An online reinforcement learning schematic diagram provided by the embodiment of the present invention is shown in fig. 5, and the specific processing steps are as follows:
step 1: according to an actual delay scene, searching a proper offline model in an offline model library by using train delay time, position and duration, and initializing online model parameters;
step 2: according to the characteristics of the actual environment, the updating frequency of the online model is reduced, the size of the training set is reduced, and the exploration rate is set to be 0;
and step 3: and the intelligent agent selects corresponding actions in the current network according to the initial state input, inputs the states and the actions into the environment to carry out interaction between the passengers and the train, obtains the next state and reward, inputs the next state and reward into the network again, and finishes the updating for G times by continuously iterating and updating, wherein G is not more than 50 because only the current network parameters are updated.
An exemplary diagram of a passenger flow control result provided by an embodiment of the present invention is shown in fig. 6, which takes a chang-level line and a line No. 13 as an example, and when a delay occurs, the delay is divided into six time intervals to control the passenger flow of a part of stations, so that accurate passenger flow control time, passenger flow control location and passenger flow control intensity are provided.

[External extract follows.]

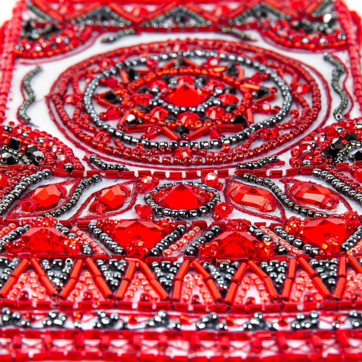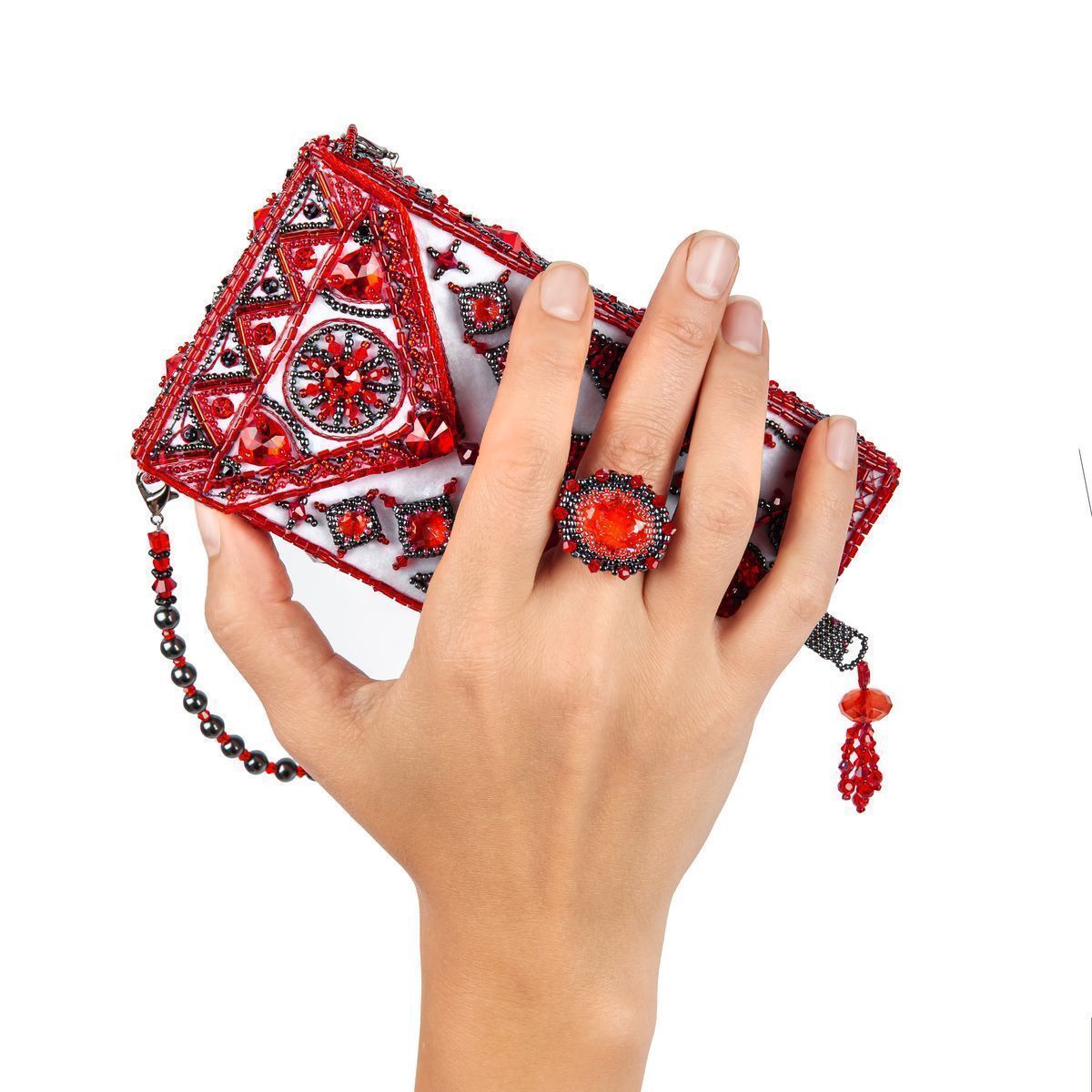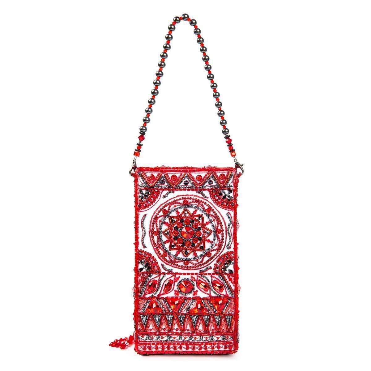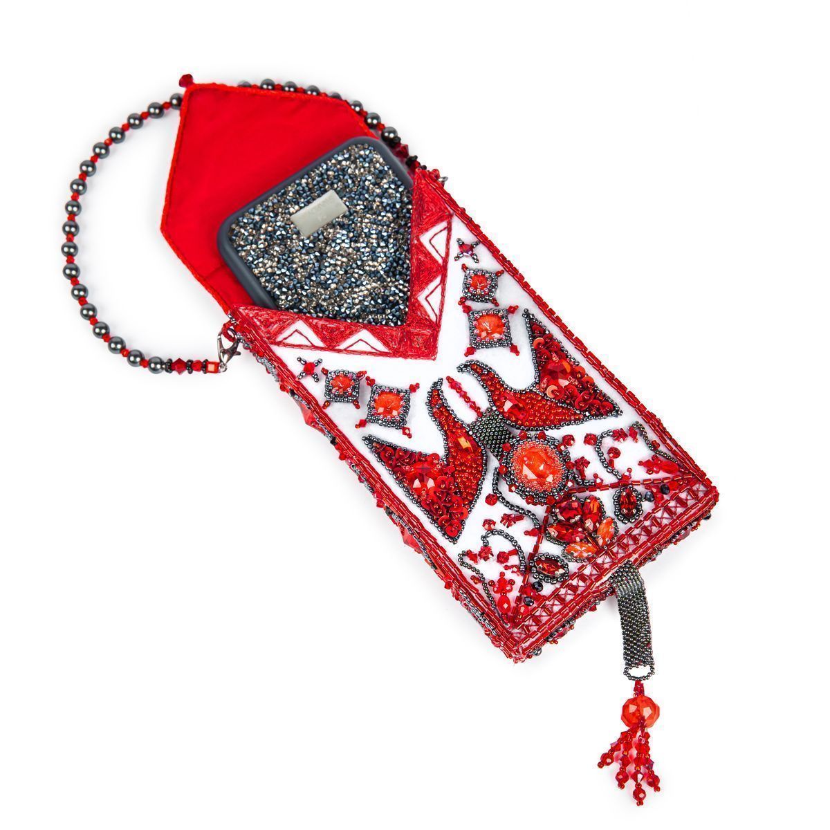 Таким вдохновляющим орнаментальным декором в стиле мезенской росписи я решила украсить небольшую сумочку для мобильного телефона. Для большей оригинальности основной кристалл подвижен на сплетённом из бисера узком пояске и таким образом на вашей руке образуется сверкающий перстень, а сумочка полностью помещается в ладони, при этом небольшую ручку можно убрать при помощи карабинов.

The diagram of the train adjustment result provided by the embodiment of the invention is shown in fig. 7, 138 trains are delayed at a 13-line five-crossing station, the delay time is 5 minutes, and subsequent trains are delayed jointly, so that a reasonable train operation plan is obtained through the optimization method.
In summary, the invention provides a method different from the conventional passenger flow control and train adjustment, and can provide a scheme for more accurately calculating the passenger flow control and train operation adjustment under the condition of considering the uncertain scenes of passenger travel and train delay under the condition of network scale under the condition of train delay, thereby improving the scientific reasonability of passenger transportation organizations and relieving the problem of large passenger flow aggregation caused by train delay.
The method considers the passenger flow control of the train delay offline network scale and the cooperative optimization of the train operation adjustment, and improves the cooperative effect of the network and measures for large passenger flow dispersion; the uncertain reinforcement learning method considering passenger travel and train delay enables the optimization result of passenger flow control and train operation adjustment to have multi-stage dynamic decision and robustness characteristics, and usability of the result is improved.
Those of ordinary skill in the art will understand that: the figures are schematic representations of one embodiment, and the blocks or processes shown in the figures are not necessarily required to practice the present invention.
From the above description of the embodiments, it is clear to those skilled in the art that the present invention can be implemented by software plus necessary general hardware platform. Based on such understanding, the technical solutions of the present invention may be embodied in the form of a software product, which may be stored in a storage medium, such as ROM/RAM, magnetic disk, optical disk, etc., and includes instructions for causing a computer device (which may be a personal computer, a server, or a network device, etc.) to execute the method according to the embodiments or some parts of the embodiments.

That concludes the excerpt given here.